Думаю, не надо говорить, как самозабвенно и с упоением звонили после долгой разлуки колокола. Ведь они себя вновь ощущали дружной колокольной семьей.
Жила-была одна семья. И жил в этой семье чайник. Пузатый такой, эмалированный. Чайник в семье занимал особое положение, так как все любили пить чай. Чайник понимал свое значение, но не важничал, и не гордился перед другой кухонной посудой. Он был радушным, добрым трудягой. Большая хрустальная салатница, которая любила красоваться на столе исключительно только по большим праздникам, всегда посмеивалась над чайником, называя его трудоголиком.
А чайник действительно был великим тружеником. Папа утром встает на работу и первым делом сразу наливает в чайник воду и ставит на газ. Дети встают в школу и тоже ставят чайник на газ. Мама, перед тем как проводить в садик младшего сынишку, тоже без чайника не обходится. Но вот все ушли: кто на работу, кто в школу, кто в детский сад, и тут чайник без дела не остается. Бабушка приберет за всеми посуду и сидит, чаи с бубликами гоняет. Вечером собирается вся семья за чайком – беседуют.
Все бы хорошо, да одно плохо: чайник-то всем нужен, а вот к нему должного внимания в семье нет. Нередко бывает так: поставят его на газ, а вовремя отключить забывают. Так и стоит чайник, кипит от возмущения, а крышка на нем трясется от пара в негодовании. Воды становится все меньше и меньше. Чайник переживает, что вот-вот вода закончится и тогда страшно подумать, что может случиться. Наконец кто-нибудь войдет нечаянно на кухню, или так, вдруг вспомнят о чайнике и отключат. Чайник вздохнет облегченно: «на этот раз вроде пронесло». Но один раз забыли про чайник, и на кухню никто случайно не зашел, и случилась беда. Вся вода выкипела и чайник стал корежиться от огня, но не мог никого позвать на помощь, голоса-то он не имел.

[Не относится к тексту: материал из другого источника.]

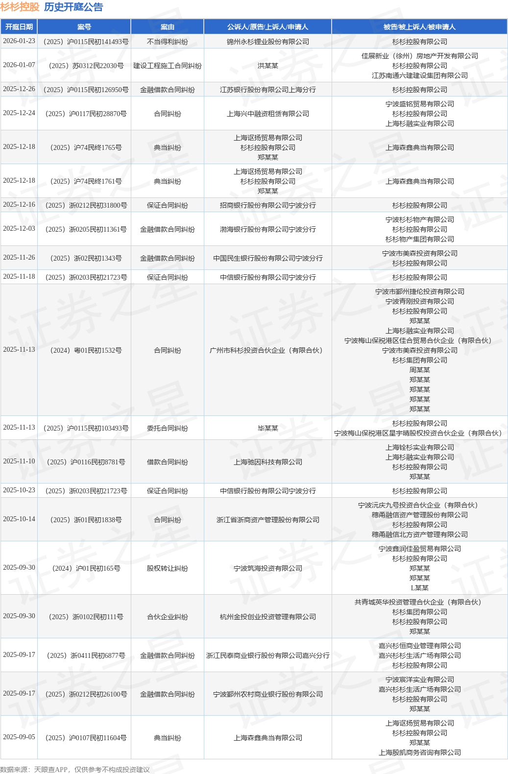 案号:(2025)浙0212民初31800号根据统计,近一年内以杉杉控股有限公司为当事人的历史开庭公告有100则,其中案由为“金融借款合同纠纷”的公告以34则居首,其次为“典当纠纷”有16则,“合同纠纷”有7则。历史开庭公告(前20条)如下:

Так молча и погибал. Посуда в ужасе наблюдала гибель старого трудяги, но что она могла поделать? Хрустальная салатница, хотя и относилась к чайнику свысока, но тут и она не могла остаться равнодушной. «Я готова грохнуться на пол, и разлететься на тысячи мелких хрустальных осколков, лишь бы спасти этого беднягу!» - кричала она в благородном негодовании. Когда уже гарь проникла в комнату, так что даже папа, дремавший у телевизора с газетой в руках проснулся, все кинулись на кухню, но было поздно. Семья погоревала, погоревала о такой потере, да делать нечего, снесли чайник в мусорный контейнер. А на следующий день папа торжественно принес в дом новый, блестящий, никелированный чайник со свистком. Все были просто в восторге от этого чайника. На него не могли налюбоваться. Когда чайник закипал и начинал весело посвистывать, буквально вся семья бежала чтобы отключить его. Но скоро к новому чайнику привыкли. И теперь, когда чайник призывно свистел, к нему уже не спешили. Бывало папа крикнет детям: «Вы что, не слышите, чайник свистит? Идите кто-нибудь и отключите». «Ладно, - отвечали дети, - сейчас досмотрим мультик, пусть пока немного посвистит». Бывали дни когда чайнику приходилось свистеть так долго, что он начинал беспокоиться, как бы не осип от горячего пара его голос. Хрустальная ваза недовольно ворчала: «Рассвистелся тут, голова уже от твоего свиста болит. Дедушка наш, труженик великий, тот никого не тревожил. Все трудился, трудился молча, так и сгорел на работе, бедняга». «Потому и свищу, - оправдывался чайник, - что не хочу сгореть». И продолжал отчаянно свистеть, пока кто-нибудь не приходил и не отключал его.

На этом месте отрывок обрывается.